**Collected material**
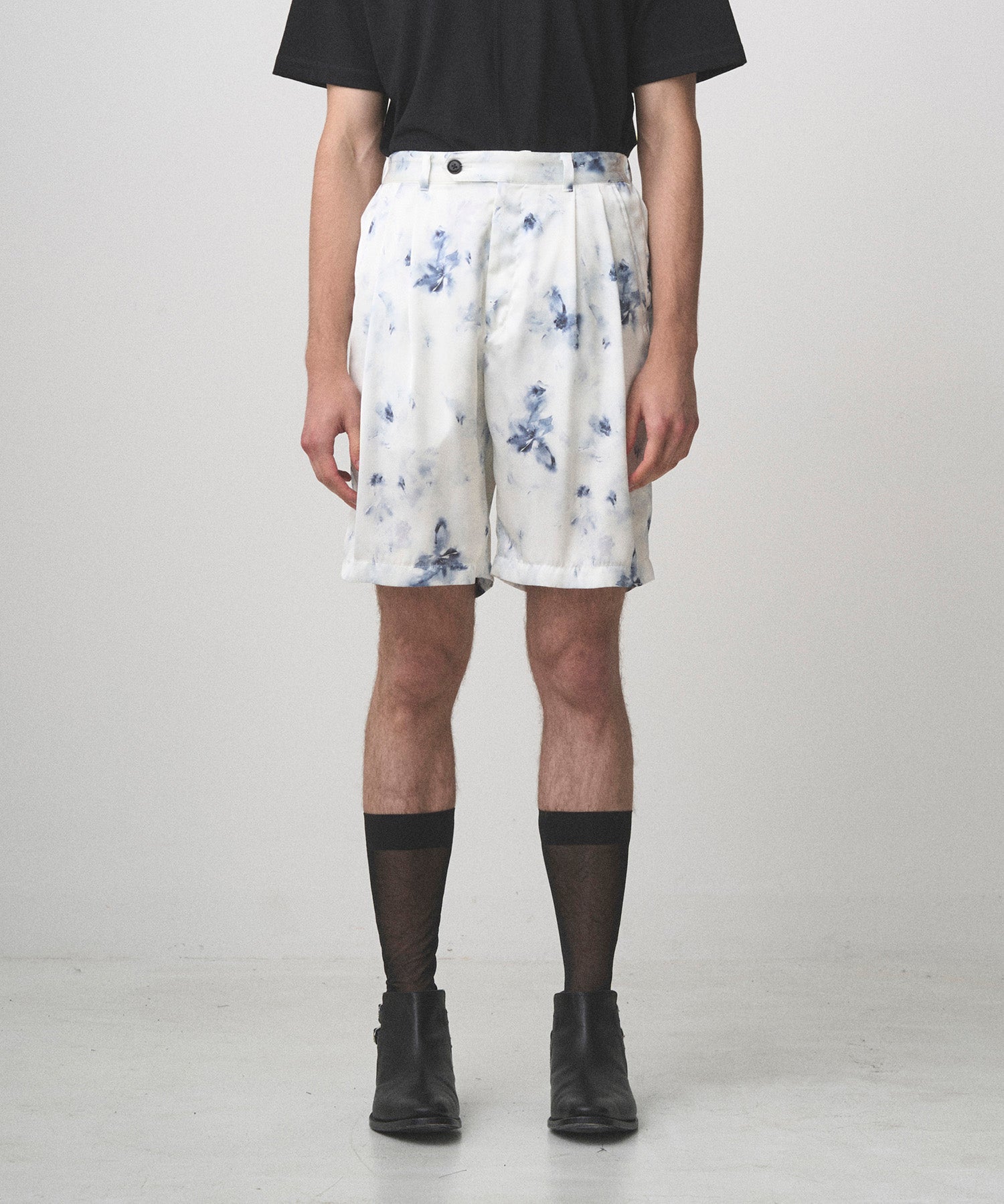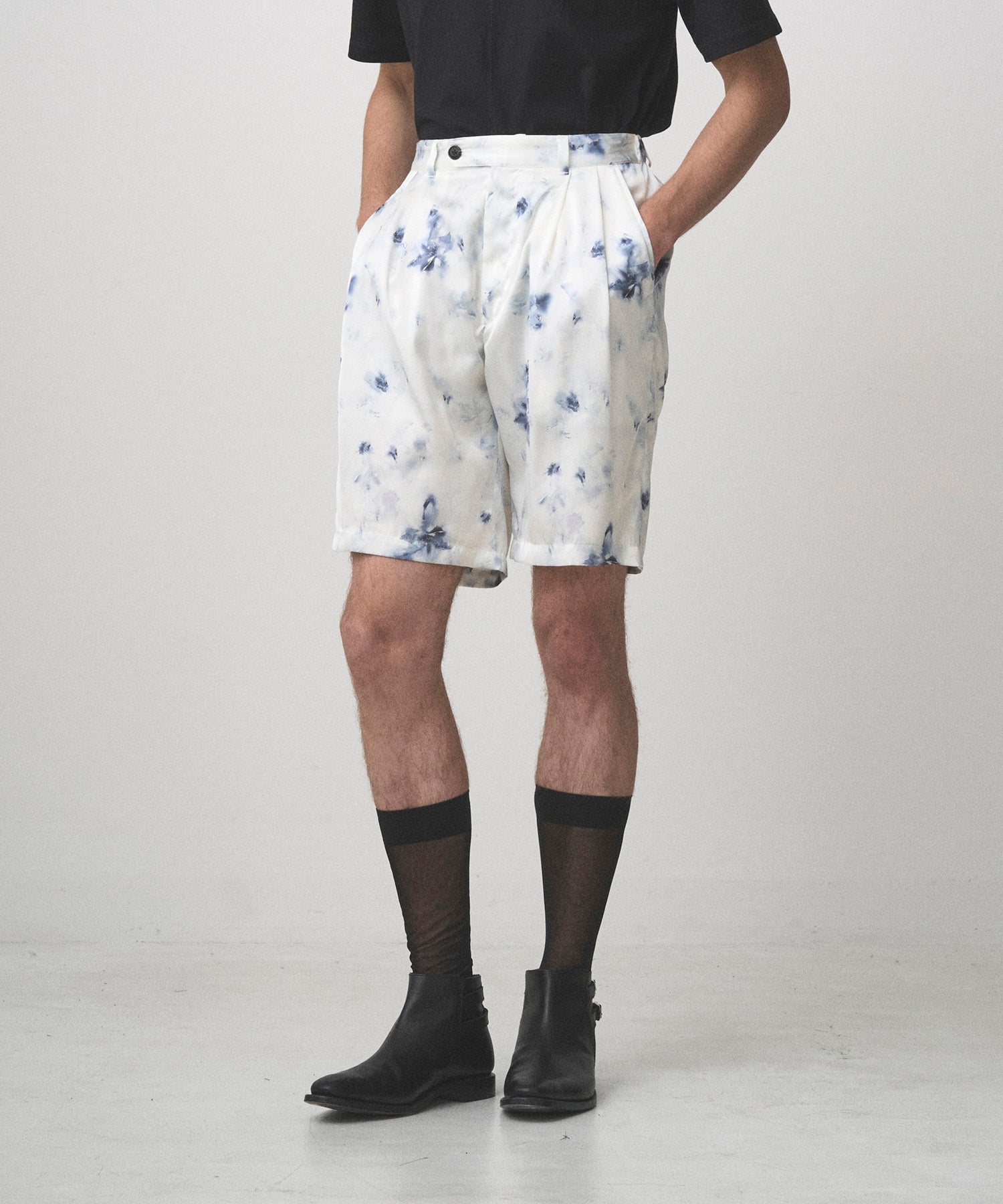 2タックで腰まわりにゆとりをもたせたセミワイドシルエットのショーツ。
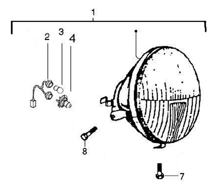 Headlight -PIAGGIO Ø=146mm- Vespa PX EFL - H4, clear glass, right hand traffic
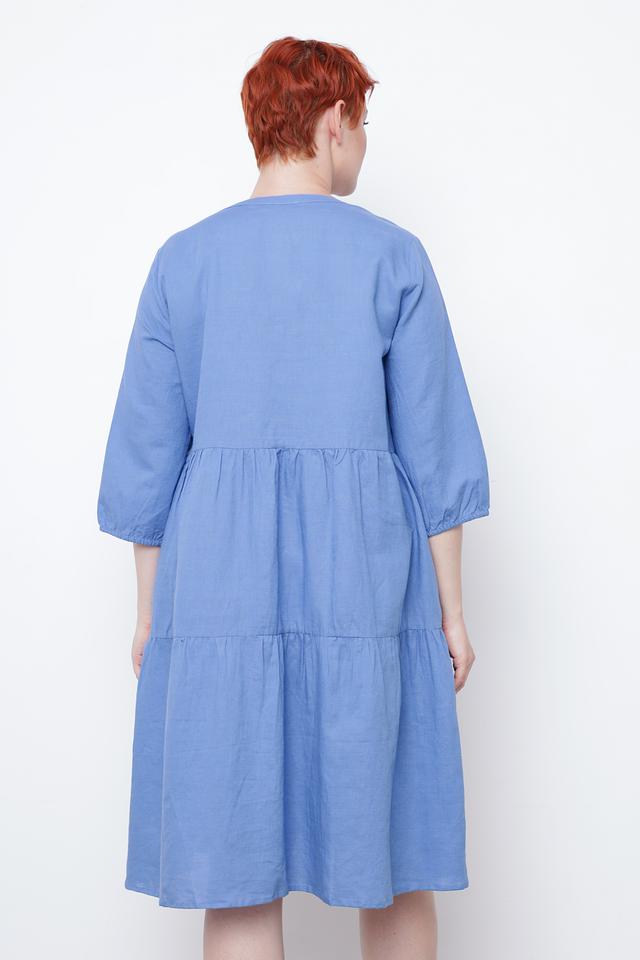 Это платье от бренда Frapp станет отличным выбором для создания непринужденного и стильного образа. Платье выполнено в нежном голубом цвете и сшито из натуральных материалов – 55% льна и 45% хлопка, что обеспечивает комфорт в жаркую погоду.

**What is needed**
The answer is the lines above, word for word, from the first one through the one containing "Headlight -PIAGGIO Ø=146mm- Vespa"; it includes no pictures.

**Solution to the exercise**
 2タックで腰まわりにゆとりをもたせたセミワイドシルエットのショーツ。
 Headlight -PIAGGIO Ø=146mm- Vespa PX EFL - H4, clear glass, right hand traffic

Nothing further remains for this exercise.